== Task objective ==
Copy every entry below verbatim, except for images.

== Supplied material ==
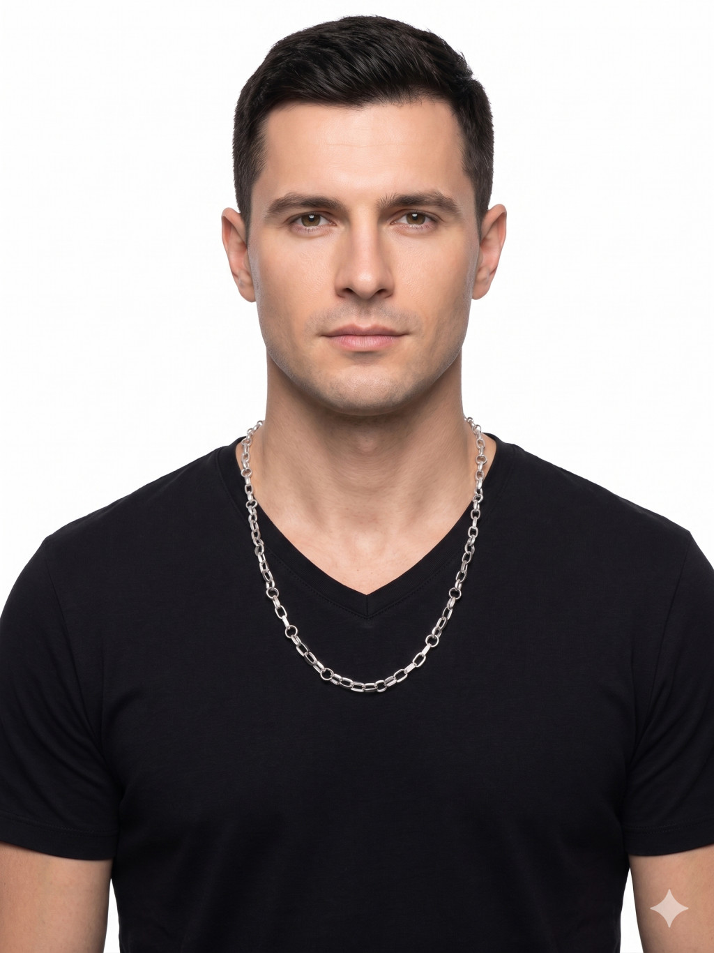 Silberne Halskette, abgeflachte Rüstung, 45 cm Unisex
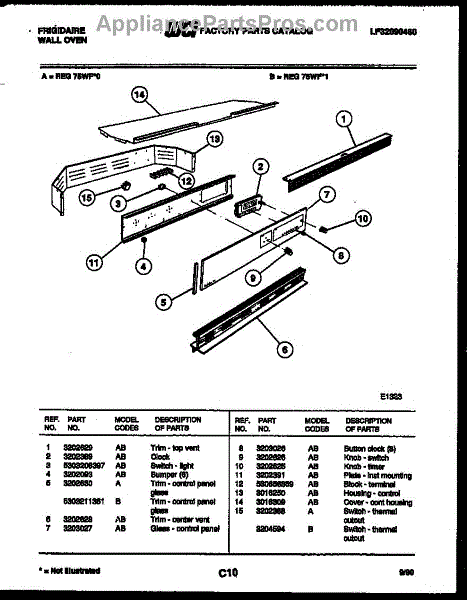 Parts for Frigidaire REG75WFB1: 02 - Control Panel Parts
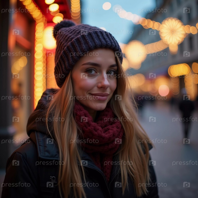 Потрясающая женщина мягко улыбается, когда вокруг нее падают снежинки в восхитительной городской обстановке, захватывая магию рождественского сезона. Красивая блондинка с длинными волосами. Генеративный ИИ
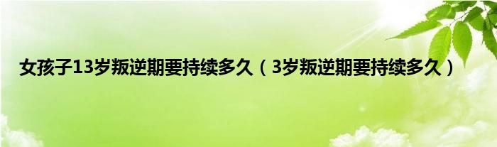 大家好,小问来为大家解答以上问题。女孩子13岁叛逆期要持续多久,3岁叛逆期要持续多久这个很多人还不知道,现在让我们一起来看看吧!
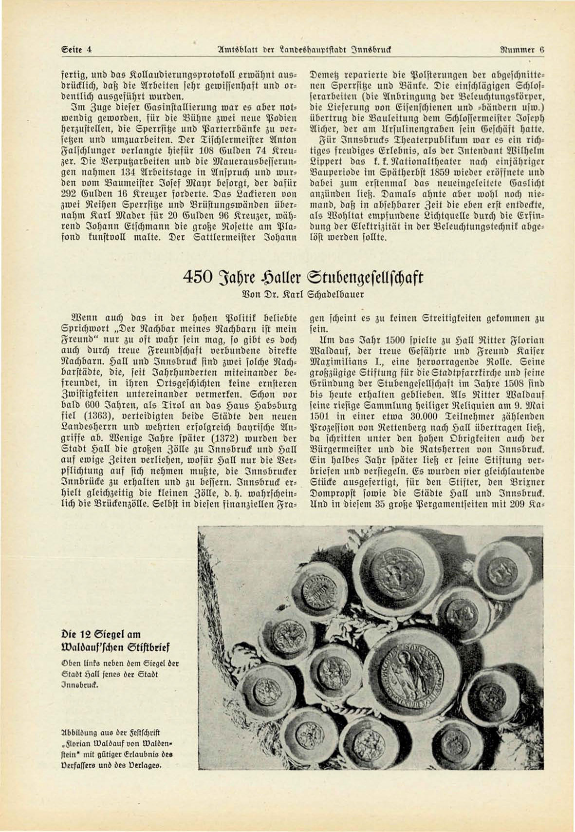 Nachbarn. Hall und Innsbruck sind zwei solche Nachbarstädte, die, seit Jahrhunderten miteinander befreundet, in ihren Ortsgeschichten keine ernsteren
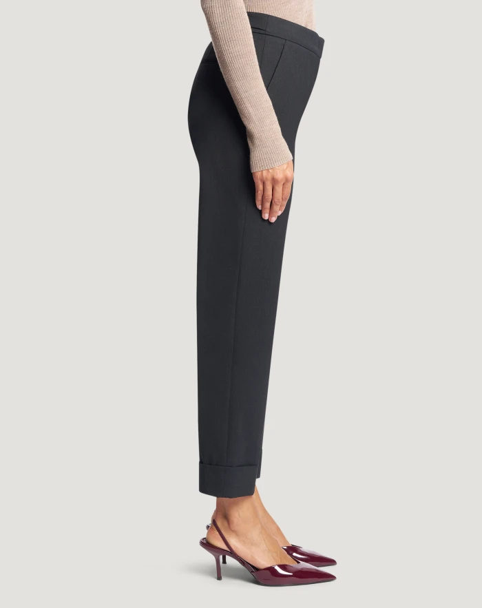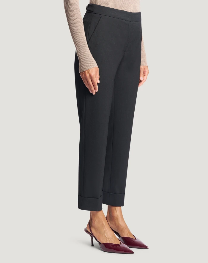Trousers in washable bi-stretch techno wool, a warm, durable and easy-care fabric.Featuring a tailored line with a flat front, slim fit, low waist and turned-up cuff. Choose the lead grey variant to complete formal and office looks.
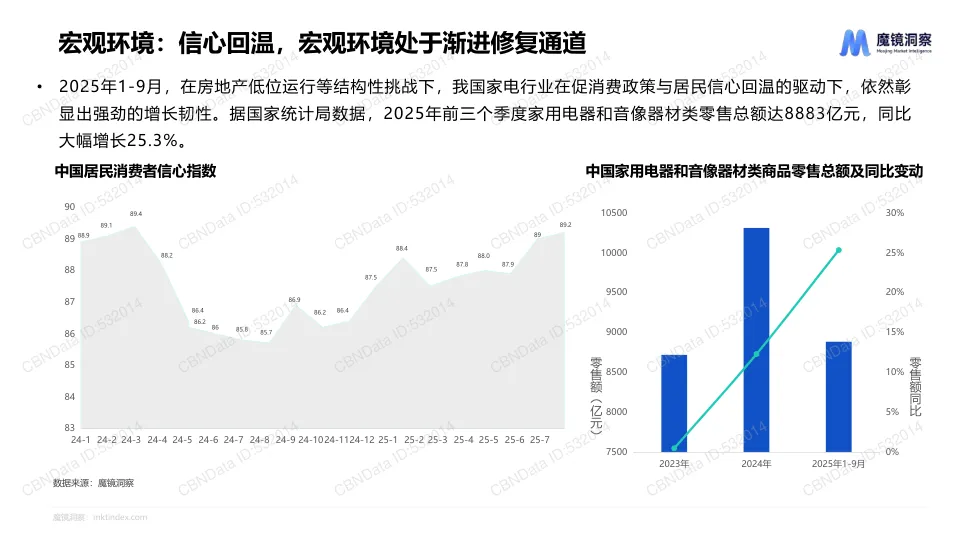 - 整体增长:2025年前三季度,家电零售总额达8883亿元,同比大增25.3%,主要受“以旧换新”等政策强力刺激。
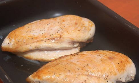 - Перевіряємо курячу грудку на наявність плівок та жилок. Якщо вони є, вилучаємо їх. Промиваємо м’ясо теплою водою. Вбираємо зайву рідину паперовими рушниками. Розрізаємо грудку гострим ножем вздовж на дві частини. Беремо форму для запікання та злегка змащуємо її олією. Викладаємо у форму шматки грудки. Солимо і посипаємо спеціями.
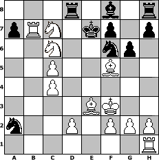 Partie-Notation im PGN-Format [Event "September 2017"] [Site "www.mySchach.de"] [Date "2017.08.31"] [Round "1"] [White "kalle"] [Black "MiFie"] [ECO "D06"] [WhitemyELO "1630"] [BlackmyELO "1010"] [Result "1-0"] [TimeControl "10/1728000"] [WhiteDays "25"] [BlackDays "31"] [MySchachNr "109395"] 1. d4 d5 2. c4 c5 3. dxc5 d4 4. e3 Nc6 5. Nf3 Bf5 6. Bd3 e5 7. Bxf5 dxe3 8. Qxd8+ Rxd8 9. Bxe3 Nb4 10. Na3 Nd3+ 11. Ke2 Nxb2 12. Nxe5 Nf6 13. Rab1 Na4 14. Rxb7 Nc3+ 15. Kf3 Nxa2 16. Nb5 g6 17. Nc7+ Ke7 18. Nc6# 1-0 Stellungs-Notation im FEN-Format 3r1b1r/pRN1kp1p/2N2np1/2P2B2/2P5/4BK2/n2P1PPP/7R - - - 3 18 Geschlagene Figuren Weiss: Geschlagene Figuren Schwarz: Klicken Sie auf eine geschlagene Figur um den gewünschten Zug darzustellen!
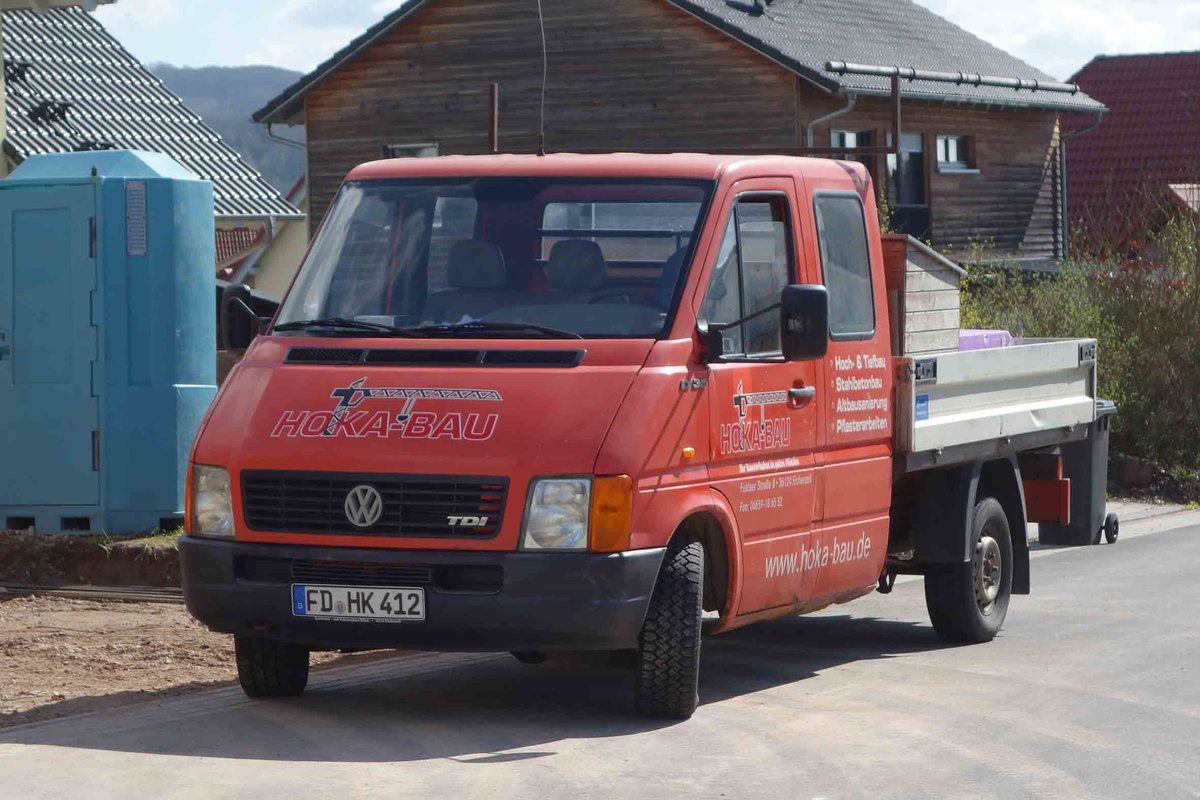 VW LT TDI von "HOKA-Bau" steht auf einer Baustelle in 36100 Petersberg-Marbach im April 2016

== Solution to this task ==
 Silberne Halskette, abgeflachte Rüstung, 45 cm Unisex
 Parts for Frigidaire REG75WFB1: 02 - Control Panel Parts
 Потрясающая женщина мягко улыбается, когда вокруг нее падают снежинки в восхитительной городской обстановке, захватывая магию рождественского сезона. Красивая блондинка с длинными волосами. Генеративный ИИ
 大家好,小问来为大家解答以上问题。女孩子13岁叛逆期要持续多久,3岁叛逆期要持续多久这个很多人还不知道,现在让我们一起来看看吧!
 Nachbarn. Hall und Innsbruck sind zwei solche Nachbarstädte, die, seit Jahrhunderten miteinander befreundet, in ihren Ortsgeschichten keine ernsteren
Trousers in washable bi-stretch techno wool, a warm, durable and easy-care fabric.Featuring a tailored line with a flat front, slim fit, low waist and turned-up cuff. Choose the lead grey variant to complete formal and office looks.
 - 整体增长:2025年前三季度,家电零售总额达8883亿元,同比大增25.3%,主要受“以旧换新”等政策强力刺激。
 - Перевіряємо курячу грудку на наявність плівок та жилок. Якщо вони є, вилучаємо їх. Промиваємо м’ясо теплою водою. Вбираємо зайву рідину паперовими рушниками. Розрізаємо грудку гострим ножем вздовж на дві частини. Беремо форму для запікання та злегка змащуємо її олією. Викладаємо у форму шматки грудки. Солимо і посипаємо спеціями.
 Partie-Notation im PGN-Format [Event "September 2017"] [Site "www.mySchach.de"] [Date "2017.08.31"] [Round "1"] [White "kalle"] [Black "MiFie"] [ECO "D06"] [WhitemyELO "1630"] [BlackmyELO "1010"] [Result "1-0"] [TimeControl "10/1728000"] [WhiteDays "25"] [BlackDays "31"] [MySchachNr "109395"] 1. d4 d5 2. c4 c5 3. dxc5 d4 4. e3 Nc6 5. Nf3 Bf5 6. Bd3 e5 7. Bxf5 dxe3 8. Qxd8+ Rxd8 9. Bxe3 Nb4 10. Na3 Nd3+ 11. Ke2 Nxb2 12. Nxe5 Nf6 13. Rab1 Na4 14. Rxb7 Nc3+ 15. Kf3 Nxa2 16. Nb5 g6 17. Nc7+ Ke7 18. Nc6# 1-0 Stellungs-Notation im FEN-Format 3r1b1r/pRN1kp1p/2N2np1/2P2B2/2P5/4BK2/n2P1PPP/7R - - - 3 18 Geschlagene Figuren Weiss: Geschlagene Figuren Schwarz: Klicken Sie auf eine geschlagene Figur um den gewünschten Zug darzustellen!
 VW LT TDI von "HOKA-Bau" steht auf einer Baustelle in 36100 Petersberg-Marbach im April 2016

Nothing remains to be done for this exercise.